-- Given material --
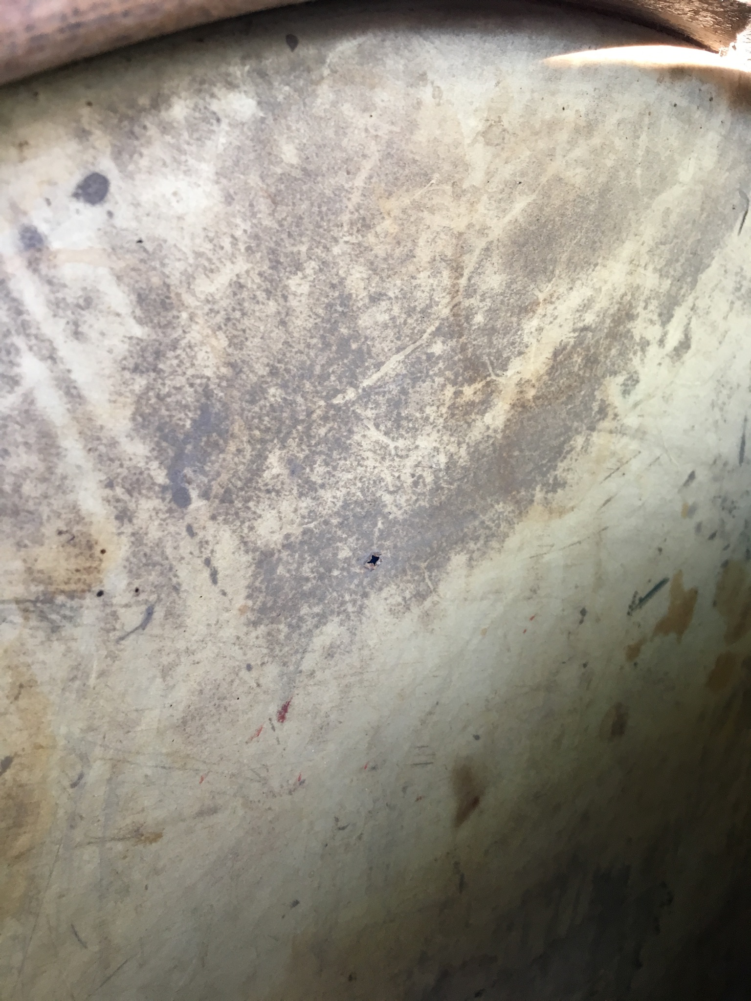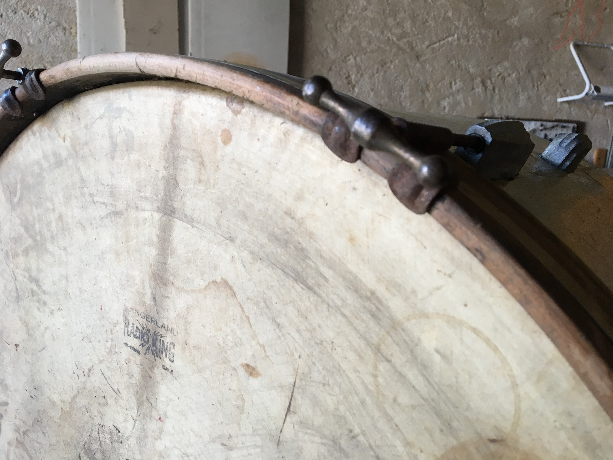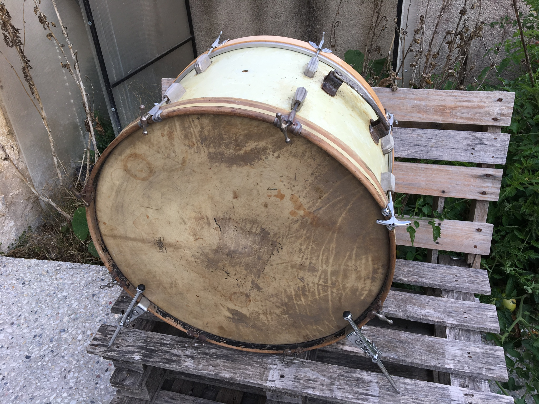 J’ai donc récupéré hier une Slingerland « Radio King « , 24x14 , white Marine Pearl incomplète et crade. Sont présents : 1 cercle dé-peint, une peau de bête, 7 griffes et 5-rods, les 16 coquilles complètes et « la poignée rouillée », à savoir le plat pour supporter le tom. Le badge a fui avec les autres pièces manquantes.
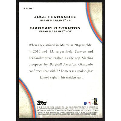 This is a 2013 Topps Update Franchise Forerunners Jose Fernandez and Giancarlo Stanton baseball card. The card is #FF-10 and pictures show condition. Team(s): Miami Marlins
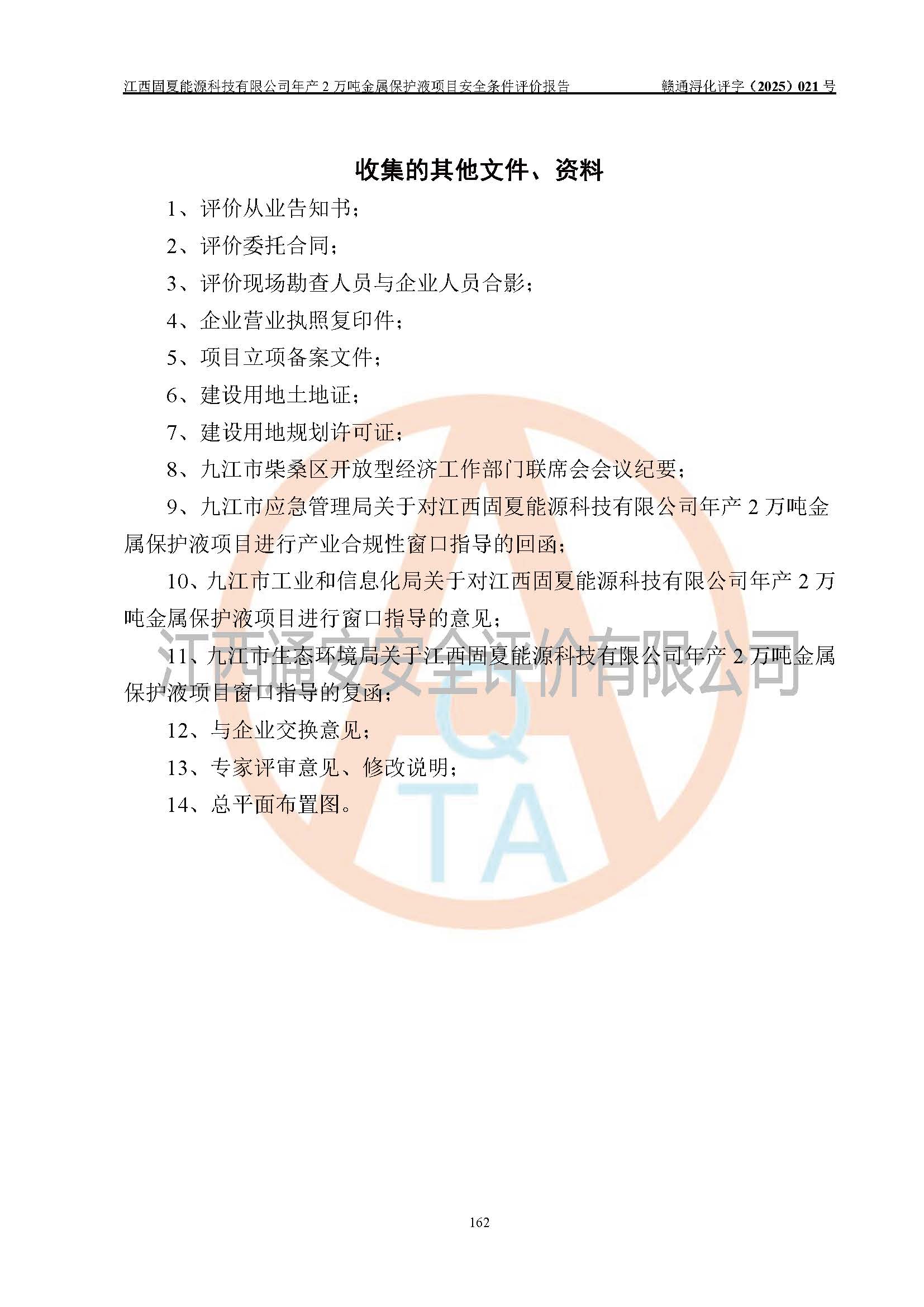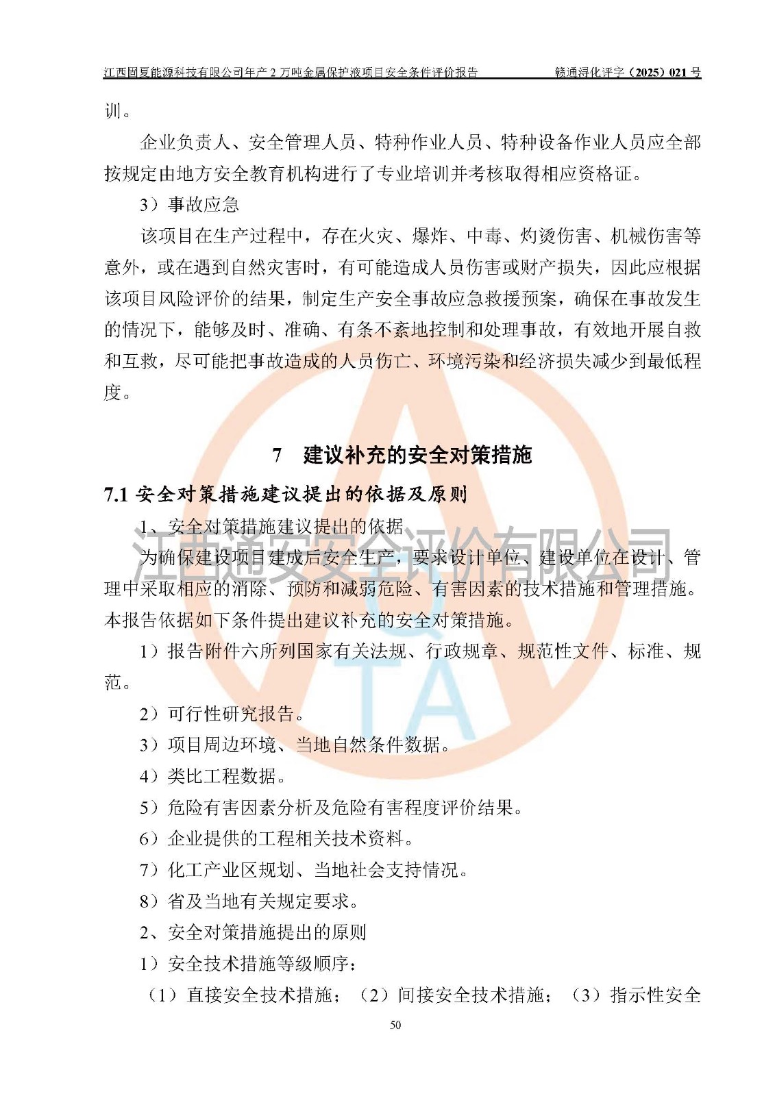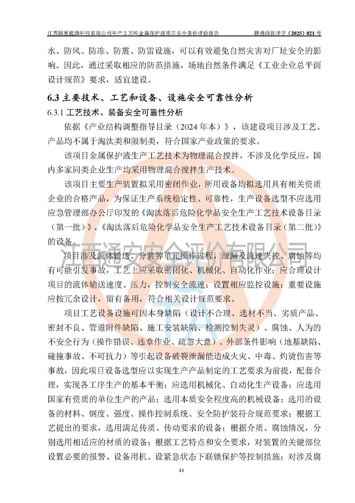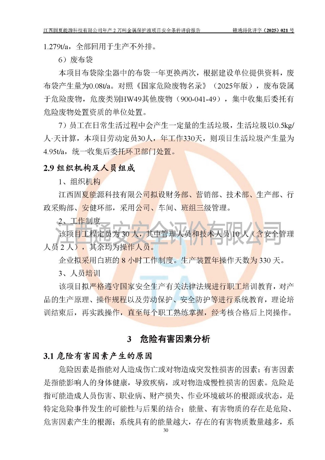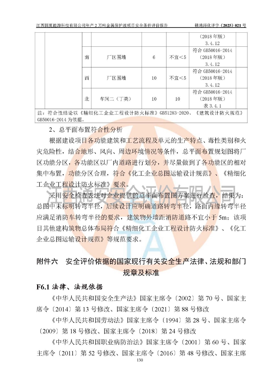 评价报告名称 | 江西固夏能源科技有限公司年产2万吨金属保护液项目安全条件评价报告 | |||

-- Your task --
From the material above, write out exactly the lines from the line with "This is a 2013" through the closing line, inclusive, and no pictures.

-- Reply to the task --
 This is a 2013 Topps Update Franchise Forerunners Jose Fernandez and Giancarlo Stanton baseball card. The card is #FF-10 and pictures show condition. Team(s): Miami Marlins
 评价报告名称 | 江西固夏能源科技有限公司年产2万吨金属保护液项目安全条件评价报告 | |||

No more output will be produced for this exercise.